Artık buradan gidelim ( Harıtasız Kentler 35 )




Ankara 
Abay Konanbay Sokagi
Subat 2018




Öyle soğuk bir kıştı ki kaplerimiz donmuştu. Zaten donuktu kalplerimiz yazdan beri. Konuşmuyorlar, koku almıyorlar, duymuyorlar, hissetmiyorlar ve görmüyorlardı. Yapacak pek bir şey de yoktu, böyle yaşamaya devam ediyorduk. Soğuk hava bir kalbimiz olduğunu da hissetmemizi de engelliyordu. Kit kışın zamanının çoğunu -hatta geceyi bile- dışarıda geçiren evsizler ve süpermarketlerin açılıp kapanan kapılarına yakın durmalarını gerektiren işlerde çalışanlar için üzüldüğünü söylüyordu. Bunların hepsini kendisi de yapıyordu zaten. Ona doğru yürüdüm ve sağ elini avucuma aldım.
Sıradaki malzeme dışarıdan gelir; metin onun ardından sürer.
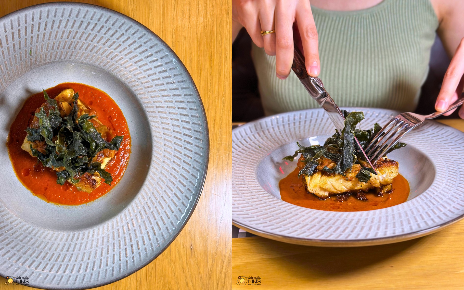 Smokey Atlantic Cod With Red Seafood Sauce (790 ++) ปลาค็อดแอตแลนติกเนื้อแน่นฉ่ำ ย่างในเตา Josper ให้ได้กลิ่นควันหอมอ่อนๆ จับคู่กับซอสซีฟู้ดสีแดงเข้มสไตล์สเปน รสกลมกล่อม เปรี้ยว เค็ม หวานครบถ้วน เป็นจานที่ทั้งหรูและสดชื่น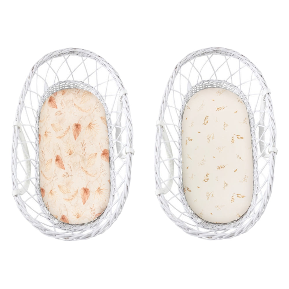 Setet innehåller två lakan tillverkade av högkvalitativ, tjock bomullstrikå med 8 % elastan, vilket gör dem extra mjuka, stretchiga och perfekta för alla babykorgar, moseskorgar eller vaggar.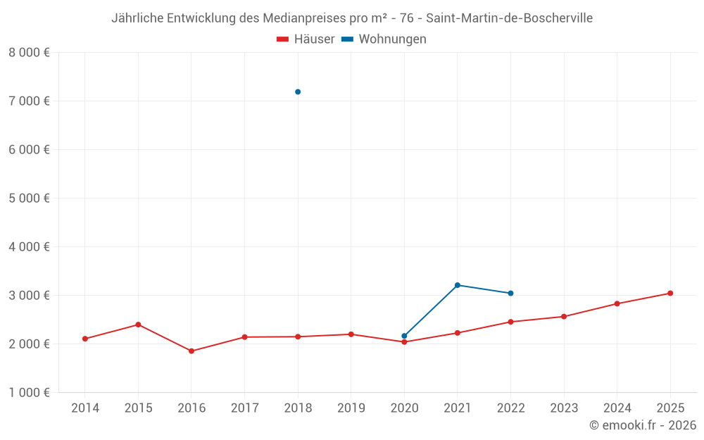 Der Durchschnittspreis auf den 20 Hausgeschäften der letzten 12 Monate in der Gemeinde Saint-Martin-de-Boscherville betrug 2 723 € pro Quadratmeter für einen mittleren Immobilienwert von 327 500 €. Über diesen Zeitraum hinweg lagen 60% der Transaktionen zwischen 2 046 und 3 440 € pro Quadratmeter (vom 2. bis zum 8. Dezil).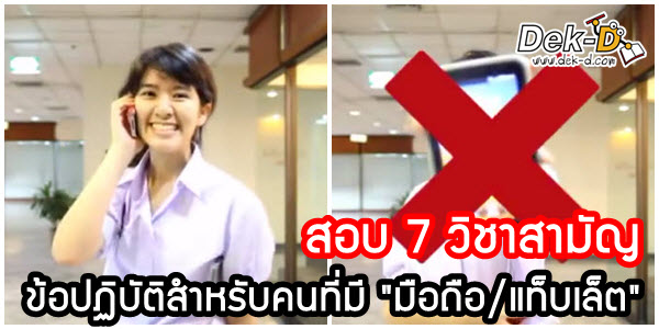 การสอบ 7 วิชาสามัญต้องปิดมือถือทุกคนนะครับ ดังนั้นน้องๆ คนไหนที่ต้องนำมือถือใส่กระเป๋าไว้หน้าห้อง อย่าลืมปิดมือถือไปเลย เพราะหากมีเสียง SMS หรือเสียง Line ดังขึ้นมา กรรมการจะสงสัยเราในข้อหาทุจริตได้นะครับ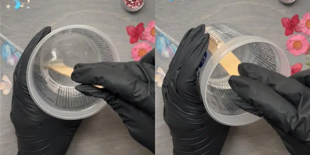 - Slowly and thoroughly combine the two parts of the epoxy resin until there are no swirls and minimal bubbles. Scrape the sides as you go to ensure that all the resin is incorporated. Slowly stir and fold for 3–5 minutes.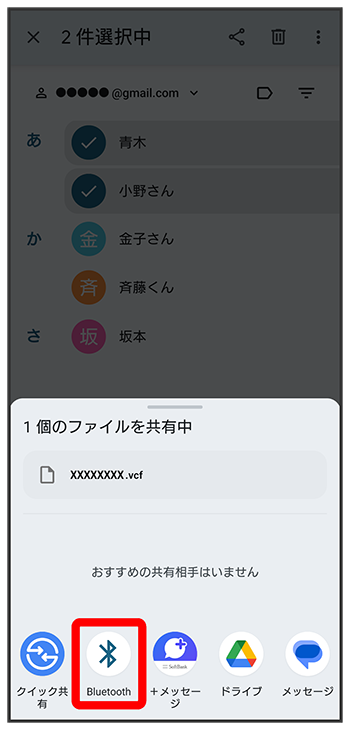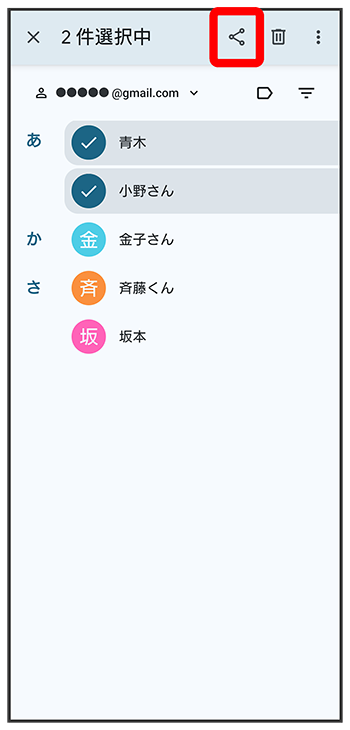 - 複数の連絡先を送信する場合は、対象の連絡先をロングタッチ(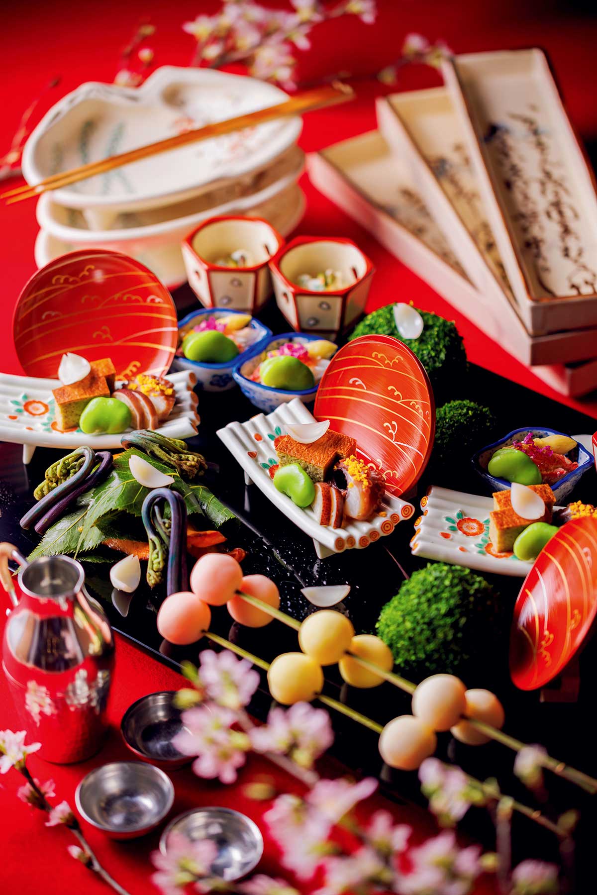 4月は、桜鱒やエンドウ豆、フキノトウなど春の味覚を使い、平安時代の宮中行事「曲水の宴」をテーマに仕立てている。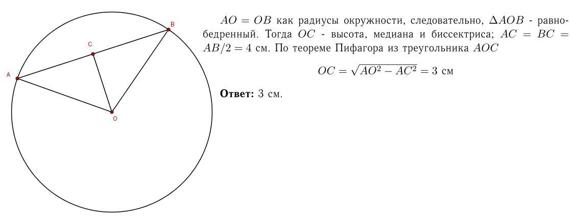 у колі радіуса 5 см проведено хорду. знайдіть відстань від центра кола до хорди, якщодовжина хорди дорівнює 8 см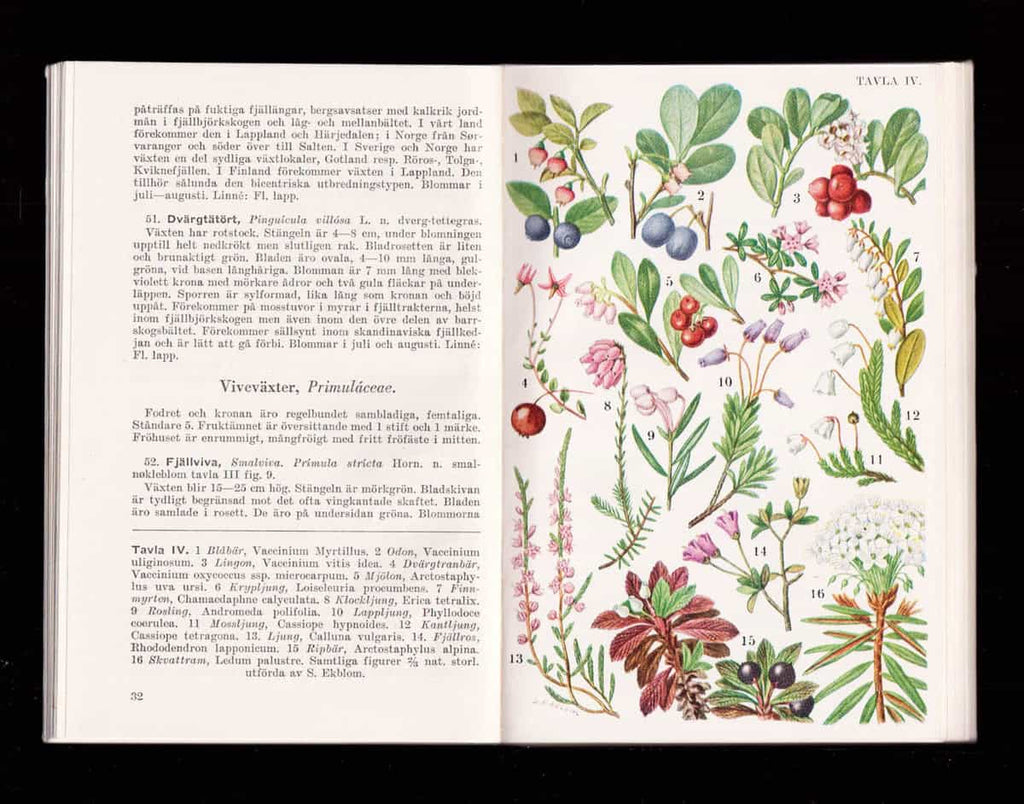 Våra vilda växter och hur man känner igen dem. Illustrerad fickbok. Del I. Fjällväxter av Erik Söderberg är en ovärderlig följeslagare för den som vill lära sig om fjällens flora. Utgiven av Albert Bonniers Förlag 1943, erbjuder denna bok en djupgående insikt i fjällväxternas värld. Med 137 sidor och 12 planschblad, varav 8 är i färg, ger den en visuell och informativ presentation av växterna som pryder de svenska fjällen.
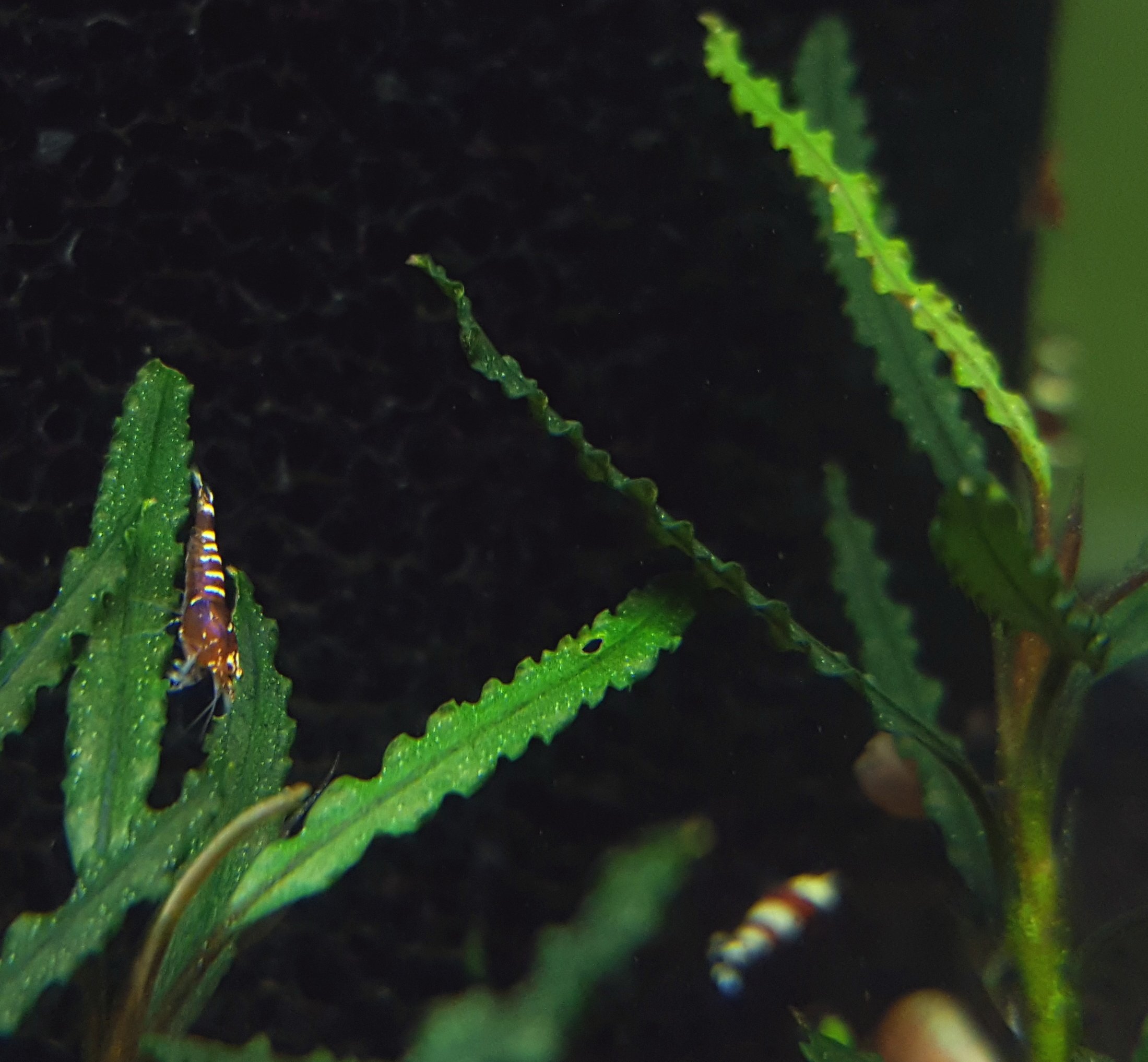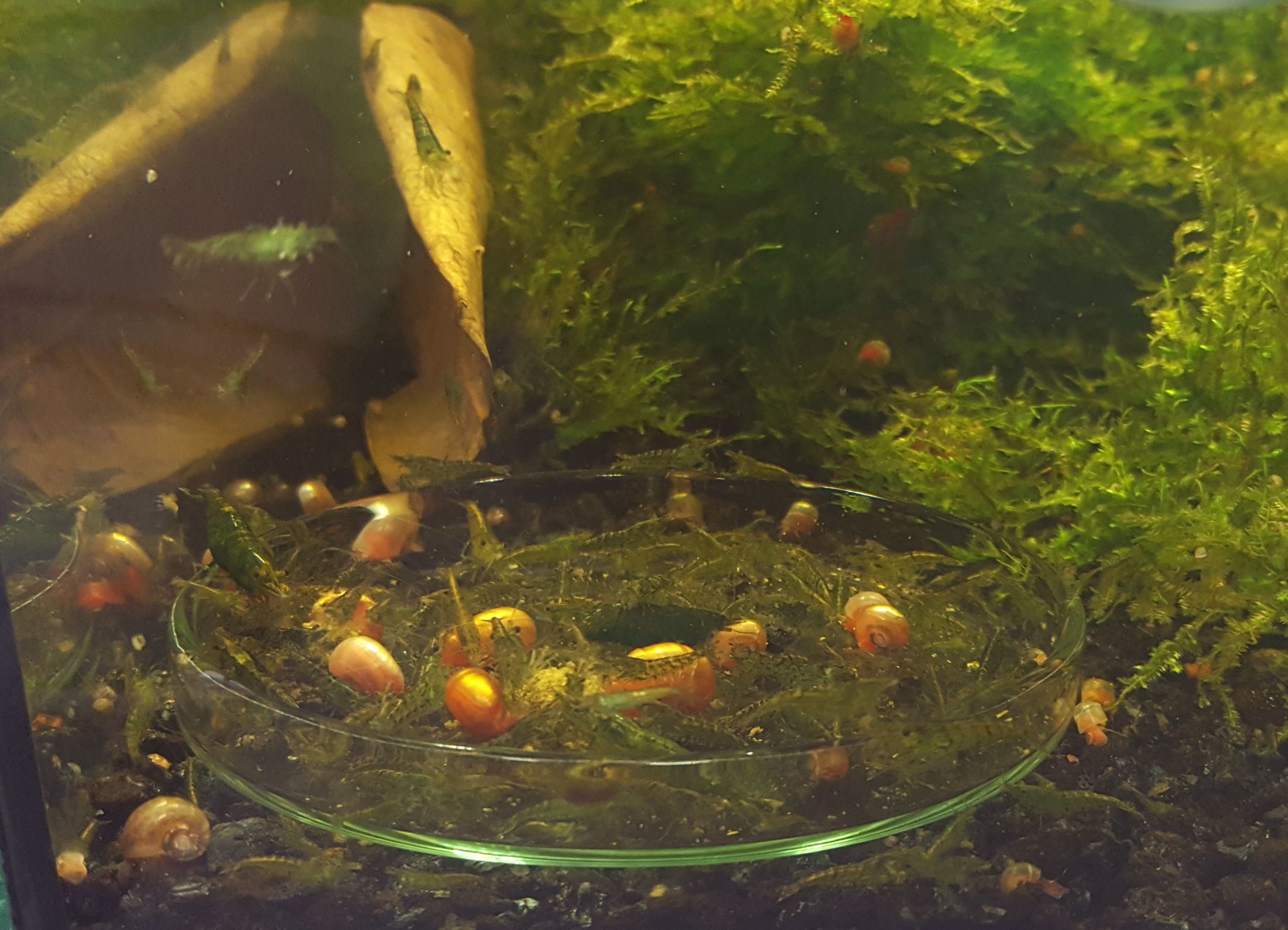 Nová nádrž pre Neocaridiny v práci - 70x30x35. Dno je Rataj Volcano black, voda RO + GH+/KH+. Osvetlenie ledkove z číny 2x 10W filter rohový bublifuk. Ešte musím nalepiť čiernu fóliu na zadnú stenu nech nevidno tú klímu za akvárkom

Bir gün bunların hepsinin değişecğini, yine haritasız bir kentin kimsenin bilmediği sokaklarında birlikte kaybolacağımızı söyledim. Nesli tükenmiş olsa da, o sokaklarda bir bozacı bulup boza bile içebiliriz dedim.  Ağlamak geldi içimden eve gidip. Tam o anda kar yağmaya başladı. Kalplerimizin üzerinde kalın bir kar tabakası sabahı karşılayacaktı. Liv, dedi Kit. Artık buradan gidelim.